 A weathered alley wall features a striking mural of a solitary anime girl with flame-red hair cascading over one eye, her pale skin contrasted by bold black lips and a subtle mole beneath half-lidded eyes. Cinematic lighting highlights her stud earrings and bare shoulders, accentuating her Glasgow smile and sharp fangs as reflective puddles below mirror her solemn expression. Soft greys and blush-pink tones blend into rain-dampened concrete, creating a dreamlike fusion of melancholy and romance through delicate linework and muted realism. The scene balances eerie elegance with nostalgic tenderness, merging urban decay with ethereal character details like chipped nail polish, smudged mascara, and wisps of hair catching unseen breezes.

------------------------------------------------------------

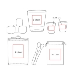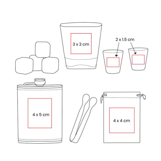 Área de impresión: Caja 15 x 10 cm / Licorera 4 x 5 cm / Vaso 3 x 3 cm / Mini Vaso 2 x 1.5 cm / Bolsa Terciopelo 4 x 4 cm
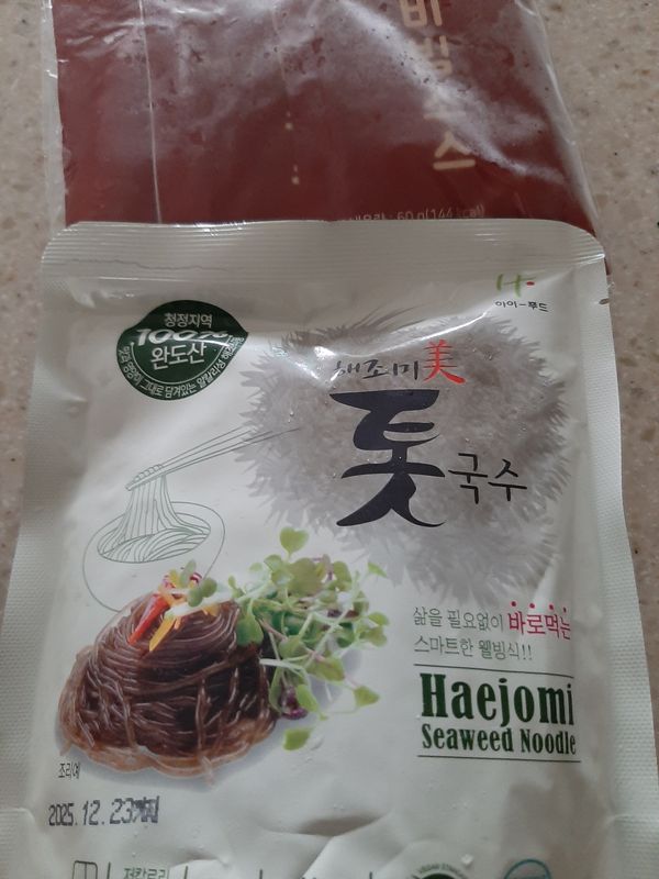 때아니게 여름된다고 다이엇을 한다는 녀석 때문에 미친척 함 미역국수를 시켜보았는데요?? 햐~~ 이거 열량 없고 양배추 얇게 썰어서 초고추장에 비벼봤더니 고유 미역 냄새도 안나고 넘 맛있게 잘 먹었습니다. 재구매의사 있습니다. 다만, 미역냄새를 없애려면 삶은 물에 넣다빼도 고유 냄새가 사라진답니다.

------------------------------------------------------------

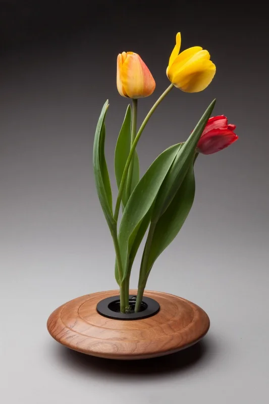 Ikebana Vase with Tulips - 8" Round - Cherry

------------------------------------------------------------

PROBLEM TO WORK ON
Repeat exactly the stretch of the listing above that starts with the line holding "Área de impresión: Caja" and finishes with the line holding "때아니게 여름된다고 다이엇을", both included. Skip every picture.

ANSWER TO THE EXERCISE
 Área de impresión: Caja 15 x 10 cm / Licorera 4 x 5 cm / Vaso 3 x 3 cm / Mini Vaso 2 x 1.5 cm / Bolsa Terciopelo 4 x 4 cm
 때아니게 여름된다고 다이엇을 한다는 녀석 때문에 미친척 함 미역국수를 시켜보았는데요?? 햐~~ 이거 열량 없고 양배추 얇게 썰어서 초고추장에 비벼봤더니 고유 미역 냄새도 안나고 넘 맛있게 잘 먹었습니다. 재구매의사 있습니다. 다만, 미역냄새를 없애려면 삶은 물에 넣다빼도 고유 냄새가 사라진답니다.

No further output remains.